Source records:
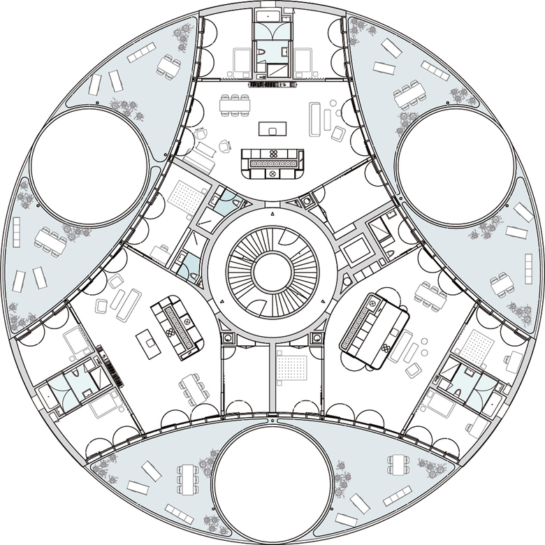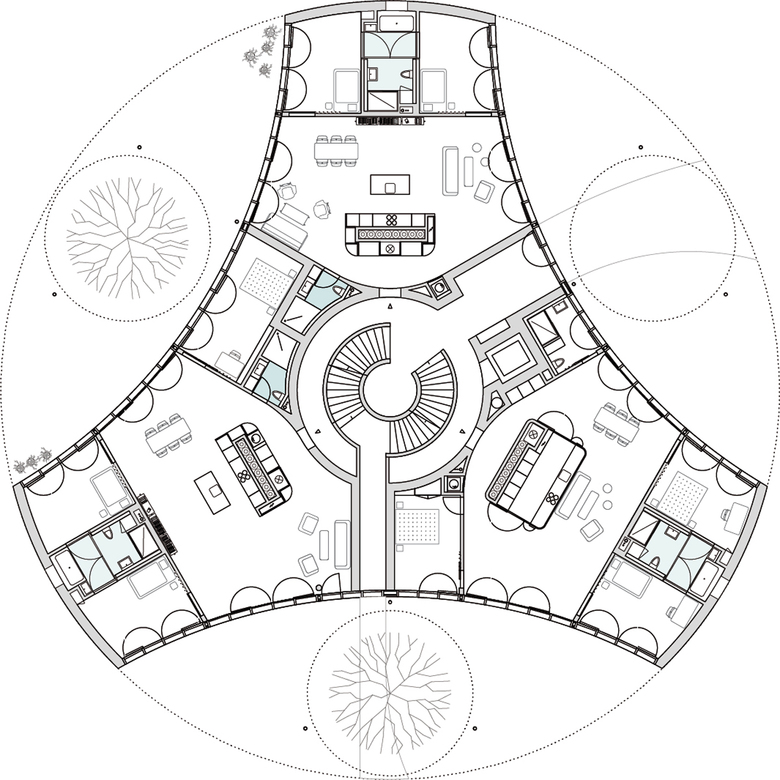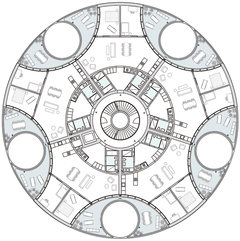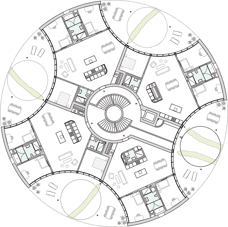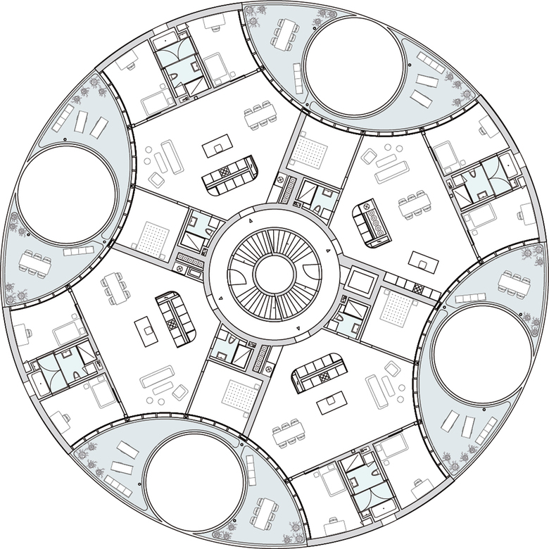 Der jeweils gleiche Kreisumfang erhält durch die unterschiedliche Anzahl von runden Auskerbungen verschiedene Gebäudetypologien: es entstehen Drei-, Vier- und Fünfspänner mit unterschiedlichen Wohnungsgrundrissen. Dabei enthalten die Dreispänner die mit 4 1/2 und 5 1/2 Zimmern grössten Wohnungen, die Vierspänner mit 4 1/2 Zimmern die mittleren und die Fünfspänner mit 3 1/2 Zimmern die kleinsten. Diese Differenzierung geht einher mit der jeweiligen Gebäudehöhe, sodass die Fünfspänner zwei- resp. dreigeschossig sind, die Vierspänner weisen fünf Geschosse auf und die Dreispänner haben acht Geschosse. Die Auskerbungen bilden grosszügige Terrassen, welche jeweils mittig durch eine Leerstelle unterteilt sind. Die durchgehenden Wohnräume besitzen damit auf beiden Seiten je einen Terrassenteil.
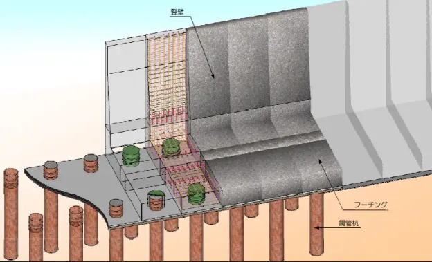 従来の巨大堤防は地下杭や支持基盤で構成されている基礎と堤防を支える支柱鋼管を内蔵させてコンクリート製の壁を形成しています。
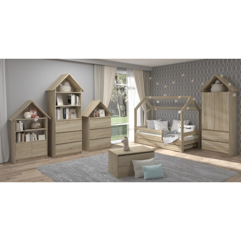 Detská posteľ Domček s výsuvnou prístelkou 180 x 80 cm - Dub Sonoma
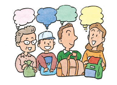 高齢者や體の不自由な人、けが人などに聲をかけ、みんなで助け合いましょう。
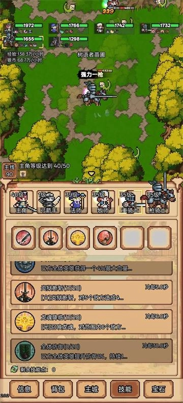 解锁思路:核心围绕刷怪效率展开,挂机收益直接影响推进速度。法师和弓箭手是野外刷怪的强势选择,牧师表现也尚可,其召唤的熊宝宝具备群体攻击能力。重骑士的抗压能力出色,能支撑我们多挑战几层副本。枪骑士则建议放在最后,用来补充输出伤害。
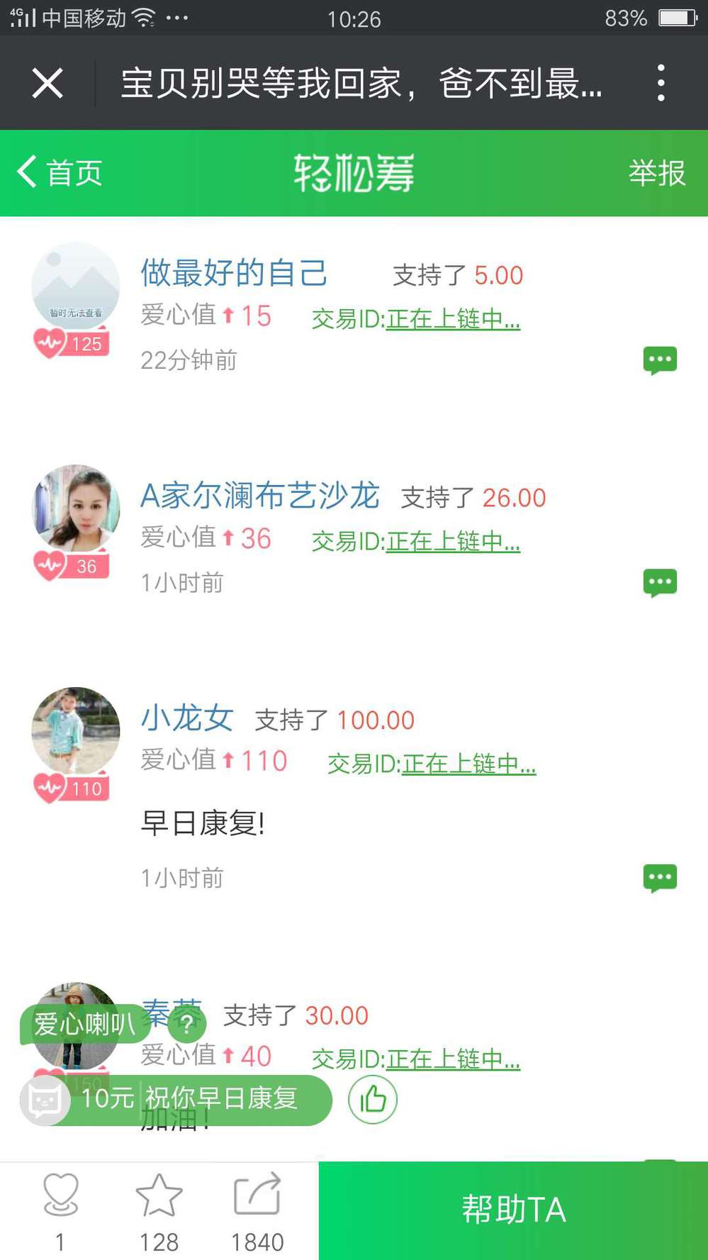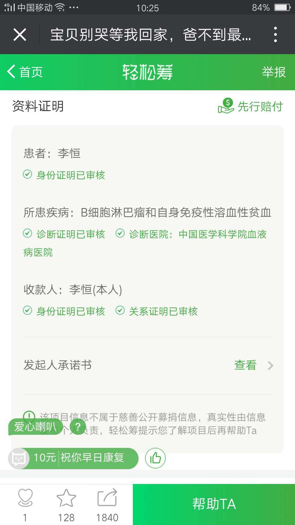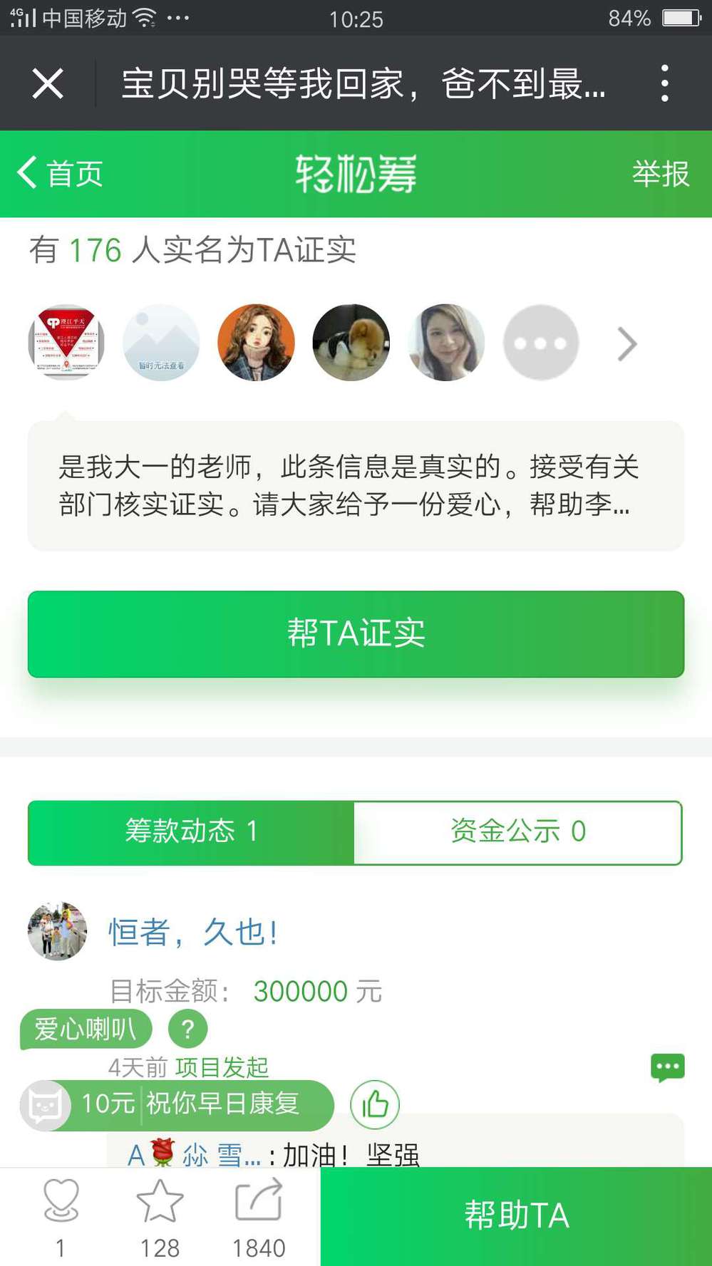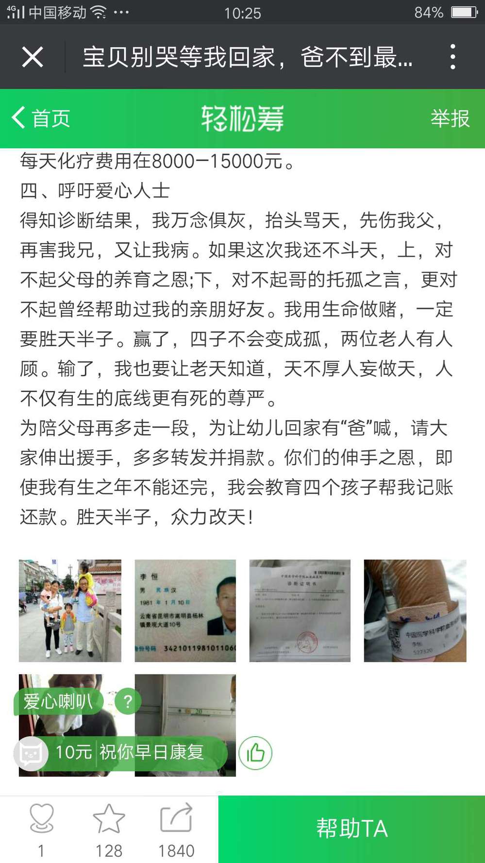 病魔无情,人间有爱,涓涓细流,汇成江海!

▸ EXERCISE
Your answer must be exactly the lines from the one with "Detská posteľ Domček" through the last line of the entries, both included, with no pictures; please add nothing else.

▸ SOLUTION
 Detská posteľ Domček s výsuvnou prístelkou 180 x 80 cm - Dub Sonoma
 高齢者や體の不自由な人、けが人などに聲をかけ、みんなで助け合いましょう。
 解锁思路:核心围绕刷怪效率展开,挂机收益直接影响推进速度。法师和弓箭手是野外刷怪的强势选择,牧师表现也尚可,其召唤的熊宝宝具备群体攻击能力。重骑士的抗压能力出色,能支撑我们多挑战几层副本。枪骑士则建议放在最后,用来补充输出伤害。
 病魔无情,人间有爱,涓涓细流,汇成江海!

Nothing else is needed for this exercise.